Au milieu de l’automne, alors que les journées se faisaient de plus en plus froides et que les feuilles rouges ne m’émouvaient plus, l’équipe médicale de Clara nous a annoncé qu’elle devait passer des tests pour voir si la chimiothérapie donnait les résultats escomptés.

Quelques semaines plus tard, on endormait encore mon bébé, trois jours de suite, pour lui faire passer une batterie d’examens. Chaque fois, c’est la boule au ventre que je la laissais partir. Pour apaiser mon angoisse pendant qu’elle était loin de moi, je portais des bijoux porte-bonheur, je priais, je répétais des rituels bidon . Quand tu ne sais plus à quoi te raccrocher, tu inventes et tu imagines n’importe quoi qui peut te rassurer l’espace d’un instant. Tu deviens accro à ces moments de paix intérieure. Tu les recherches et tu pleures le temps où l’insouciance était tout ce que tu connaissais.

Une fois les tests passés, nous devions commencer les démarches pour la radiothérapie qui allait s’ajouter au plan de traitement de Clara. Entre ses cycles de chimio, Clara n’aurait plus de pause. Elle devait maintenant se présenter en radiothérapie tous les jours, à 8h tapant, pendant 6 semaines de suite.

Lors d’un de nos rendez-vous de préparation à la radiothérapie, le 2 novembre 2017, la radio-oncologue de Clara nous a croisés dans le corridor de l’hôpital. Elle nous a demandé si nous savions la nouvelle. J’ai senti mon cœur se serrer. Je savais qu’elle parlait des tests que nous avions passés la semaine précédente. Notre rendez-vous pour recevoir les résultats était prévu le lendemain. J’ai laissé échapper un « non » rempli d’appréhensions. Elle m’a dit « Elles sont bonnes les nouvelles. Il n’y a plus de trace du cancer. Nulle part. » Et c’est là, en plein milieu d’un corridor de l’Hôtel-Dieu de Québec, que j’ai senti mes genoux fléchir. Mon chum, qui était un peu plus loin, n’avait pas entendu. Il s’est approché de nous et je lui ai répété la nouvelle. Il a étouffé un cri. Quelques secondes plus tard, je l’ai entendu, derrière mon épaule, pleurer. Je ne pouvais pas le regarder, car je savais que si mes yeux croisaient les siens, je m’effondrerais. On a continué la journée de préparation à la radiothérapie en planant de bonheur. Pour la première fois en plus de 3 mois, j’étais bien.

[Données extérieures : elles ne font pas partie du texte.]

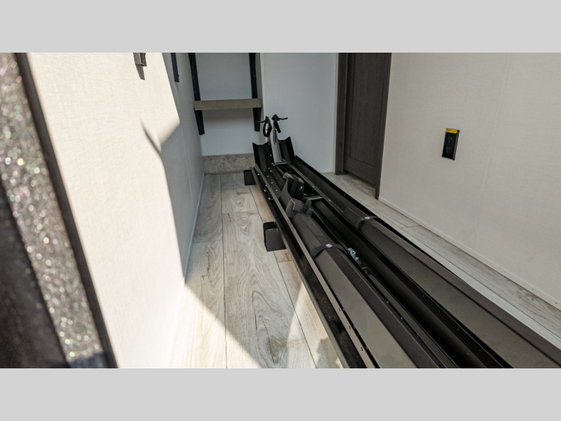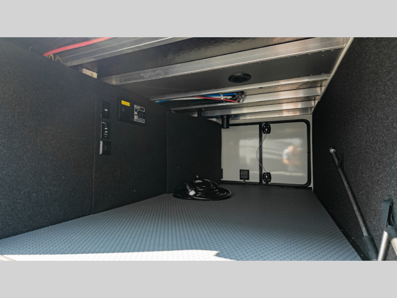 This floor plan features a front master suite, spacious rear lounge, and built-in bike garage—ideal for active campers, hobbyists, or explorers.
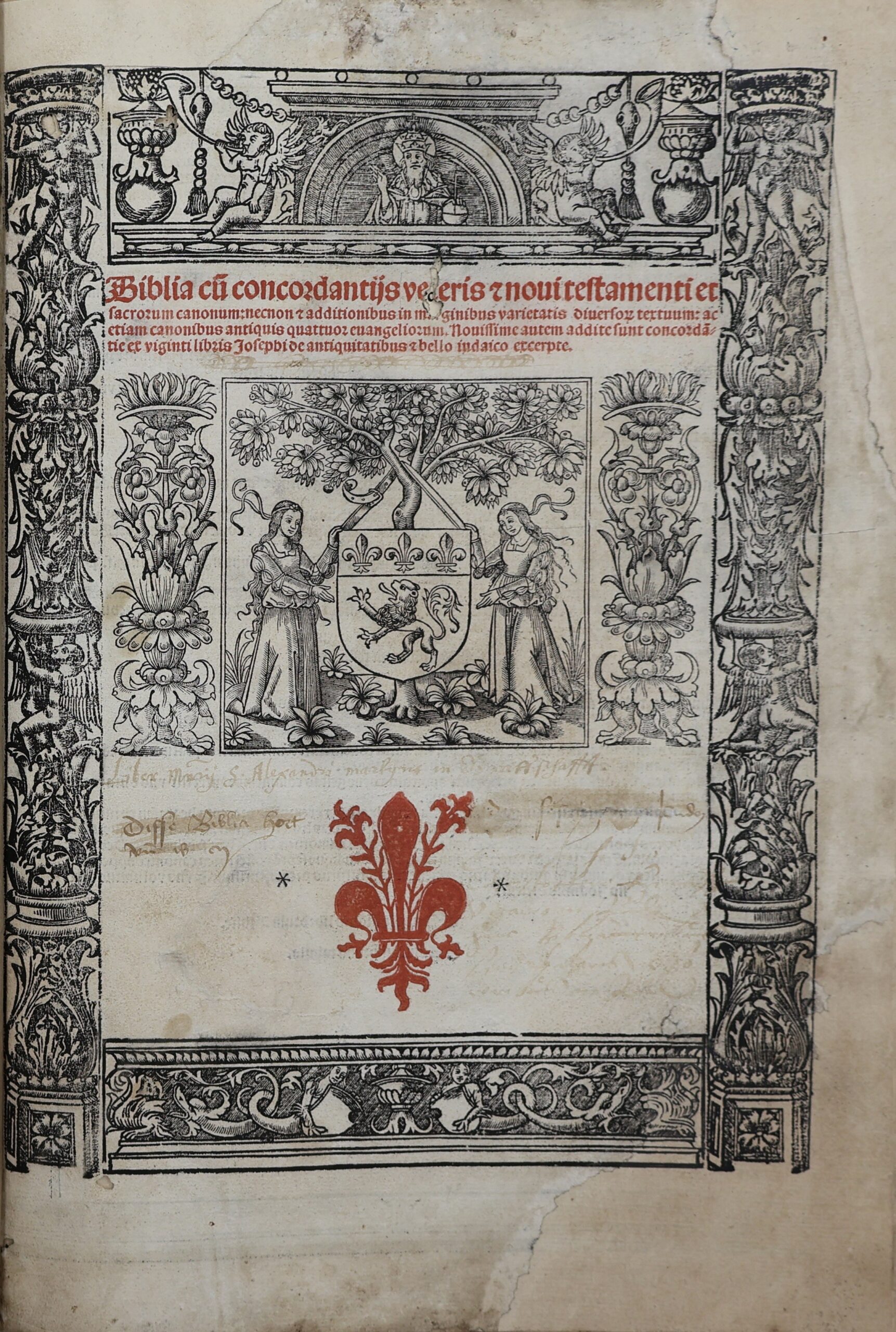 Title page damaged with losses repaired with new paper on which graphic elements were added. Traces of moisture on the upper margin through the entire block. Other than that, the copy is very well preserved.
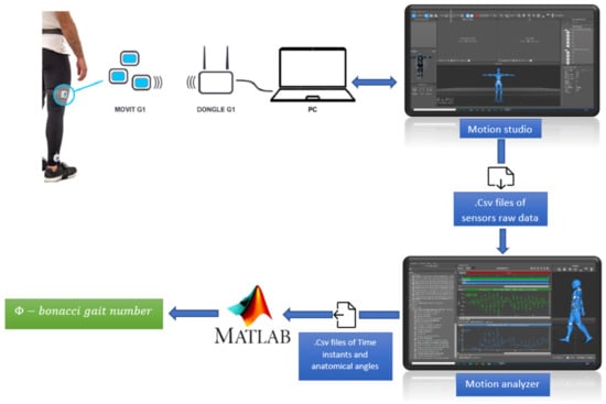 Flow chart. The wearable wireless sensors start to acquire and record the movement data in their internal memory with a sample rate of 200 Hz after the recording button is pressed on the user interface of the Motion Studio software. The movement data (.csv file) for each sensor are downloaded using the Motion Studio software by connecting all the sensors to the PC via the USB cable. The data file contains: device name, bone name, timestamp, 3-axis accelerometer data in unit “g”, 3-axis gyroscope data in unit “dps”, accelerometer/gyroscope range, and sample rate. The sensor data file is loaded in the Motion Analyzer software for data fusion and processing to generate the time instants of the heel strike and toe off for the left and right feet, in addition to the anatomical angles. The aforementioned information coming from data processing is loaded in a dedicated MATLAB algorithm that recognizes the time instants for the gait cycle and the adjoint gait cycle subphases, involved in the computation of the -bonacci gait number.
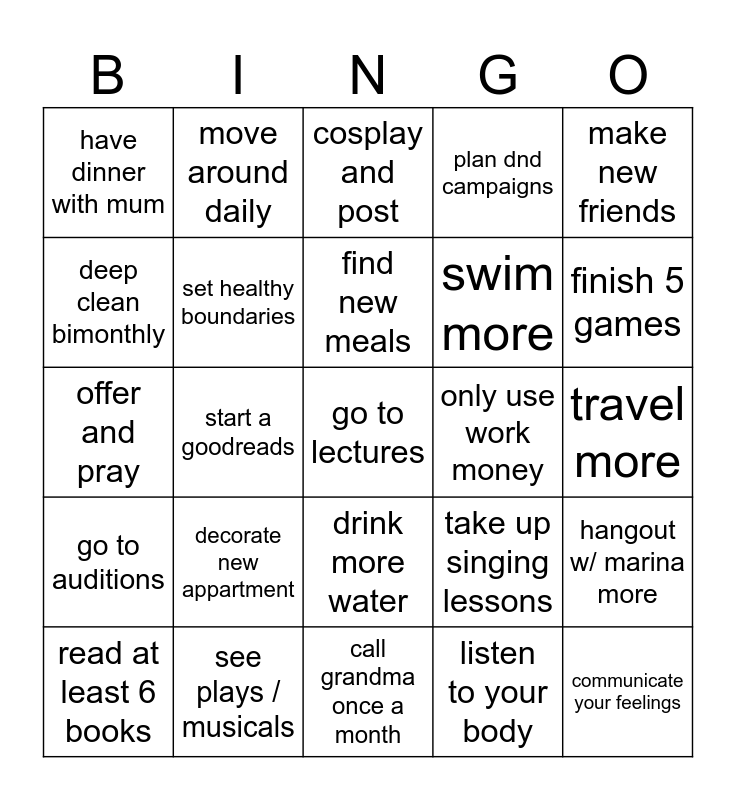 This bingo card has 25 words: decorate new appartment, call grandma once a month, find new meals, read at least 6 books, make new friends, have dinner with mum, deep clean bimonthly, move around daily, only use work money, drink more water, swim more, offer and pray, take up singing lessons, hangout w/ marina more, set healthy boundaries, communicate your feelings, travel more, cosplay and post, finish 5 games, start a goodreads, go to lectures, see plays / musicals, go to auditions, plan dnd campaigns and listen to your body.

Cet état de bonheur n’est pas resté longtemps. Une fois l’euphorie de la nouvelle passée, l’angoisse a, encore une fois, repris du terrain. Je faisais maintenant face à un nouveau stress: celui que le cancer revienne. Comme une ombre menaçante au milieu de la nuit, je le redoutais encore, sinon plus. Je le sentais encore tout prêt, je le savais maintenant sournois et sans pitié.